Mr. Griswold: Just two quick --
Senator Dorgan: Yes.
Mr. Griswold: -- points, Senator.
First, this isn't a choice of whether we have a manufacturing base in this. country or not, it's about what we manufacture. And I will be the first to point out that we're producing less furniture and fewer shoes and T-shirts and that they're producing more in China. But our overall manufacturing output is up 50 percent. Our manufacturing capacity has continued to increase because of rising productivity. We are producing more semiconductors, chemicals, sophisticated machinery, pharmaceuticals, even passenger vehicles and parts. This is trade in action. We're specializing in the higher-end parts.
Let me make one other point. This is also a consumer issue. You know, my friend to the right here, he pointed out that the State of New Jersey is happy to pay a 20-percent premium [to buy domestically]. And that's fine. The State of New Jersey can just pass the costs on to the taxpayers, and they may not even know. But if you're a middle-class or poor family in North Dakota, a 20~percent-higher bill for your expenses is real money, and that translates into lower real wages and a lower standard of living.
Senator Dorgan: Since you raised it, Mr. Griswold, let me ask you, as a consumer: if you knew that a product that was coming from the work of an l1-year-old working 11 to 14 hours a day, 7 days a week, in a sweatshop -- if you knew that, would you prefer to pay a premium for a product -- identical product that was produced in circumstances that were not coming from a sweatshop from an 11-year-old child?
Mr. Griswold: Well--
Senator Dorgan: Would you make that choice, as a consumer?

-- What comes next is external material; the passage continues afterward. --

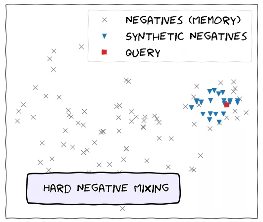 答案是可以的,MoCHi [32] 在对比学习的任务中直接合成强负例,通过 Hard Negative Mixing 的方式融合了现有强负例与 query 的表示,从 embedding 空间得到了更能为训练带来增益的负例。
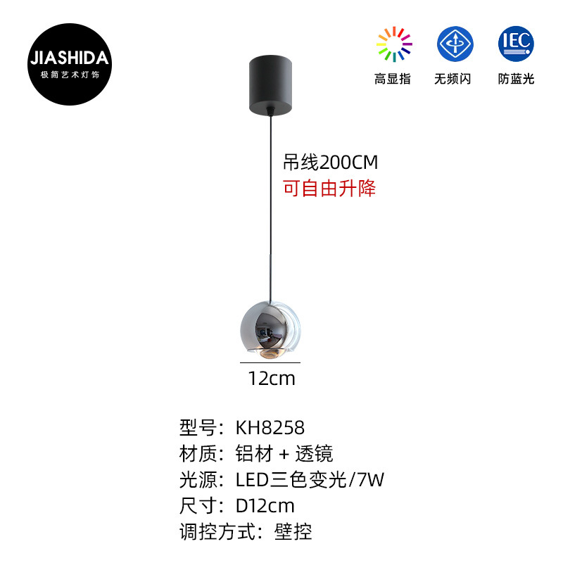이탈리아 미니멀리스트 침실 램프 고급 감각 2024 새로운 침대 옆 작은 샹들리에 무료 리프팅 호버 눈 보호 긴 라인 램프

Mr. Griswold: I would ask myself, Would that child, would her family be better off if I did not buy that product? And I'm not sure. You know, we had an experience in the early 1990s when Congress was considering quite stringent legislation aimed at child labor abroad. In Bangladesh, they laid off 50,000 child workers, rapidly, to avoid coming under that law. It never became law, but just the threat of it displaced 50,000 workers. The ILO, UNICEF, and Bangladeshi labor activists went and investigated, and they found that most of those 50,000 kids did not go to school, they either were unemployed and their families were worse off, or many of them ended up in occupations that were even less acceptable than a garment factory -- stone crushing, street hustling, some of them even ended up in prostitution. So, I buy products from poor workers in poor countries, and I make no apologies.
Senator Dorgan: There's been a separate study since that time that debunks the study you described, so we can put both studies in the record.